Thanks so much everyone! These are exactly the responses I needed to hear and in line with my husbands thoughts too. I’m getting the fear about the upcoming change which I think is impacting my decision making, I think DD will be absolutely fine at school A. And we chose the school for lots of reasons. Thanks again to MN for making me see sense 😊

OP posts:
Lindererer32 · 23/04/2025 20:35

And our child has been happy with School A ever since. Not once asked about old friends or their school. Stick with your instincts on correct school.

Puzzleboard · 23/04/2025 22:14

Lindererer32 · 23/04/2025 20:35

And our child has been happy with School A ever since. Not once asked about old friends or their school. Stick with your instincts on correct school.

Thank you. This is really reassuring to hear. It’s not that I think she’ll remain friends with her nursery pals, more that having some kids that she knows might help the transition. But it seems that most kids in reception won’t know anyone, so she’ll not be alone. And I think I would regret it in future if we changed course now

OP posts:
Lindererer32 · 23/04/2025 22:46

Totally understand the worry and I went through a similar thought process. I'm so happy I stuck with the school choice regardless of not knowing anyone there. It really suits our child and has been a lovely experience for us all due to the great school community.

alphabetti · 24/04/2025 08:59

My daughter is at a private nursery and there seems to be 2 main schools most will go to. Those were our 2nd and 3rd choices opted the catholic school for 1st choice. She got 1st choice and i have a pull of mum guilt that she will be split from her little friends some she has been with from since she can remember (i returned to work when she was 9mth).

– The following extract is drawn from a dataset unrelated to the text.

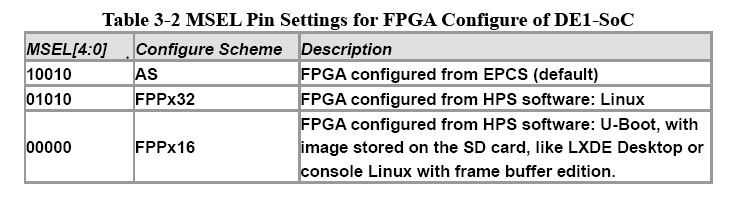 It seems that the FPGA image is not loaded after power up. I found following lines in the uboot bootlog: reading soc_system.rbf 7007184 bytes read in 2368 ms (2.8 MiB/s) altera_load: Failed with error code -4 My board switch and jumper settings are listed as below: SW1 All OFF SW2 All OFF SW3 1:ON 2:ON 3:ON 4:ON 5:ON 6:ON SW4 1:OFF 2:OFF 3:ON 4:ON J5 open J6 shorted J7 shorted J9 open J13 shorted J16 open J26 right shorted J27 right shorted J28 right shorted J29 right shorted J30 left shorted J31 shorted Please help
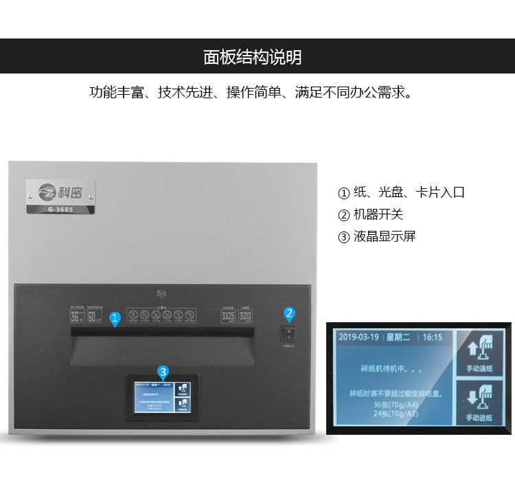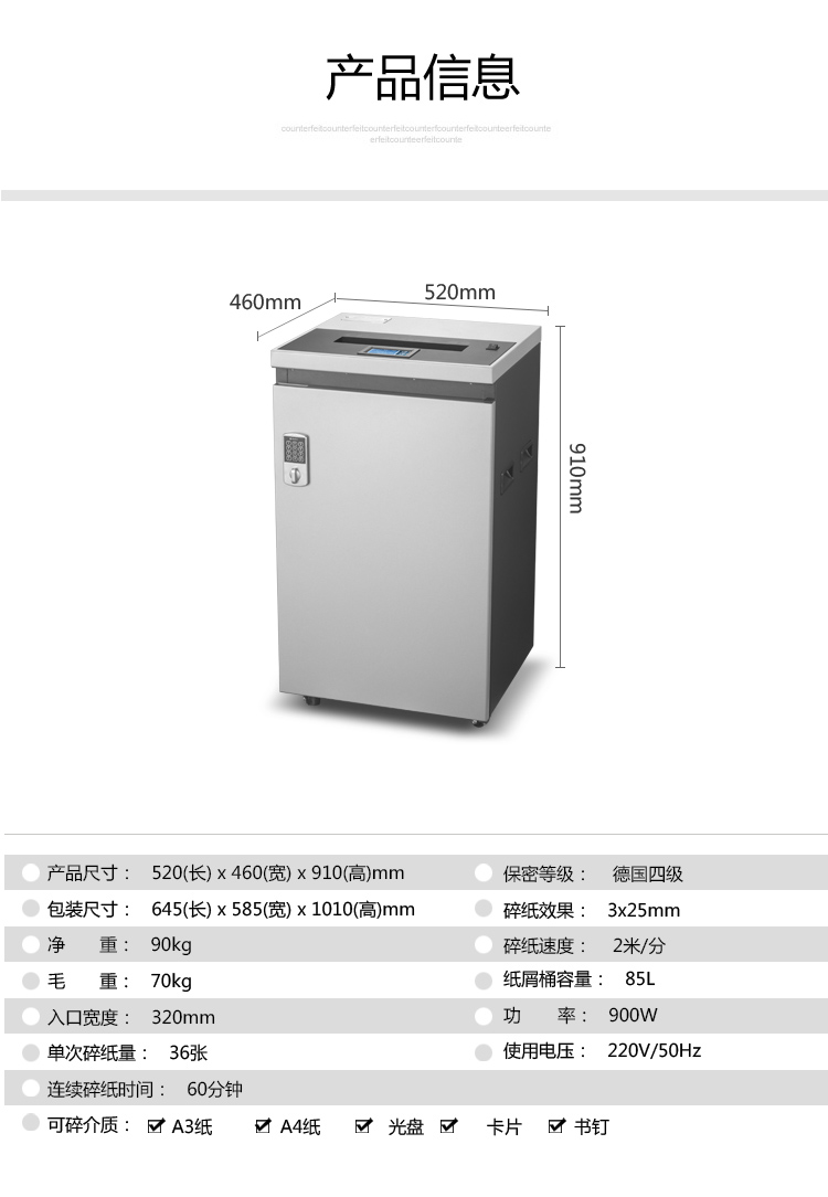 科密(comet)金盾系列 G-3685 商用办公高保密碎纸机 大型长时间大吞吐文件光盘卡粉碎机

But long term i feel this school will be better and closer distance to my mum who will take her and pick her up so just being very excited when speak to her about school and will involve her in buying uniform etc Her birthday is Dec so gonna plan to have a party and invite her whole class (30) to have chance to meet everyone.

calmingpompoms · 24/04/2025 09:01

How many friends do you still have from when you are 3?
I don’t have any so I wouldn’t see it as important.

NerrSnerr · 24/04/2025 09:05

Neither of my children had friends from nursery at their primary school. They both had quite tricky transitions but I don’t think having nursery friends would have made a difference .

What I have found has had a really positive impact on my children is having local friends, people they can walk to school with, go round houses easily and now my daughter is year 6 meet up easily at weekends and after school.

skkyelark · 24/04/2025 12:43

I absolutely would not change where my child went to school over it, but I would not necessarily be so dismissive of friendships at this age. Many are transient, but not all. DD1 had a couple of close friends go to school the year ahead of her – approaching two years later, she most definitely still considers them her friends, asks to meet up, and is thrilled when we do (quite rarely) manage to see them. She's also still close friends with the two girls from her nursery who are in her class at school, although she has made new friends as well.

I'd send your DD to the school you originally chose, but if she does have close nursery friendships, I'd be opening to helping her maintain those if she and they are interested. Some will naturally peter out quickly enough, others may not.